> [PROBLEM REQUIREMENTS]: Take the entries below and reproduce exactly the portion that begins at the line containing "この5αリダクターゼには1型" and ends at the line containing "CANPOL BABIES BIBERON", keeping both ends, dropping pictures, and adding nothing else.

> [ENTRIES PROVIDED]:
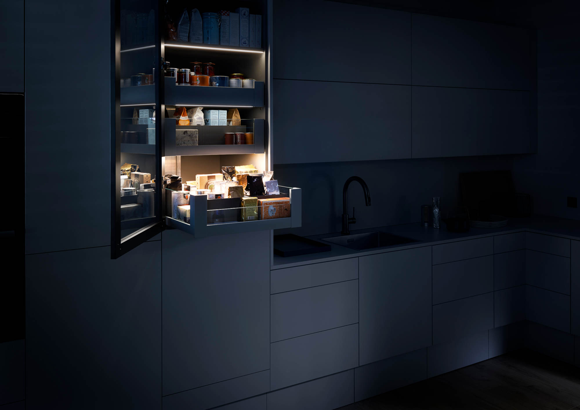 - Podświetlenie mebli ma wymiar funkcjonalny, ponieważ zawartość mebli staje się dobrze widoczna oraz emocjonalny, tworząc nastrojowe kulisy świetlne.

* * *

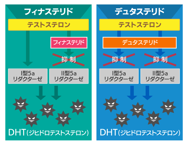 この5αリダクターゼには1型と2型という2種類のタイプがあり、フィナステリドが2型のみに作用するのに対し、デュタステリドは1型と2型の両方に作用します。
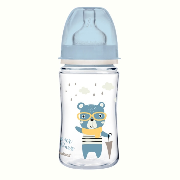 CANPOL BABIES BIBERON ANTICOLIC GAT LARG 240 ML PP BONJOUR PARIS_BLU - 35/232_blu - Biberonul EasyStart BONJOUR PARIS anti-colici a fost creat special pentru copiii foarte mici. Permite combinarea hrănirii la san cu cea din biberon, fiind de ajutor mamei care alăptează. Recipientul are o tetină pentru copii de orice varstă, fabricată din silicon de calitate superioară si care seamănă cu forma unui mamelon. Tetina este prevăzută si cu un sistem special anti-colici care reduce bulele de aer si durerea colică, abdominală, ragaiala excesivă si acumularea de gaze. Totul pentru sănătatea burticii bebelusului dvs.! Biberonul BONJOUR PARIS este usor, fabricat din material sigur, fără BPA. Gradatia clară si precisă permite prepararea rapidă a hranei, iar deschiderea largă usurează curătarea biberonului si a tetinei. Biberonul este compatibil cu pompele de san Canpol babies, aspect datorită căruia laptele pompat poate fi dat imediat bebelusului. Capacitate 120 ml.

> [SOLUTION FOR THIS TASK]:
 この5αリダクターゼには1型と2型という2種類のタイプがあり、フィナステリドが2型のみに作用するのに対し、デュタステリドは1型と2型の両方に作用します。
 CANPOL BABIES BIBERON ANTICOLIC GAT LARG 240 ML PP BONJOUR PARIS_BLU - 35/232_blu - Biberonul EasyStart BONJOUR PARIS anti-colici a fost creat special pentru copiii foarte mici. Permite combinarea hrănirii la san cu cea din biberon, fiind de ajutor mamei care alăptează. Recipientul are o tetină pentru copii de orice varstă, fabricată din silicon de calitate superioară si care seamănă cu forma unui mamelon. Tetina este prevăzută si cu un sistem special anti-colici care reduce bulele de aer si durerea colică, abdominală, ragaiala excesivă si acumularea de gaze. Totul pentru sănătatea burticii bebelusului dvs.! Biberonul BONJOUR PARIS este usor, fabricat din material sigur, fără BPA. Gradatia clară si precisă permite prepararea rapidă a hranei, iar deschiderea largă usurează curătarea biberonului si a tetinei. Biberonul este compatibil cu pompele de san Canpol babies, aspect datorită căruia laptele pompat poate fi dat imediat bebelusului. Capacitate 120 ml.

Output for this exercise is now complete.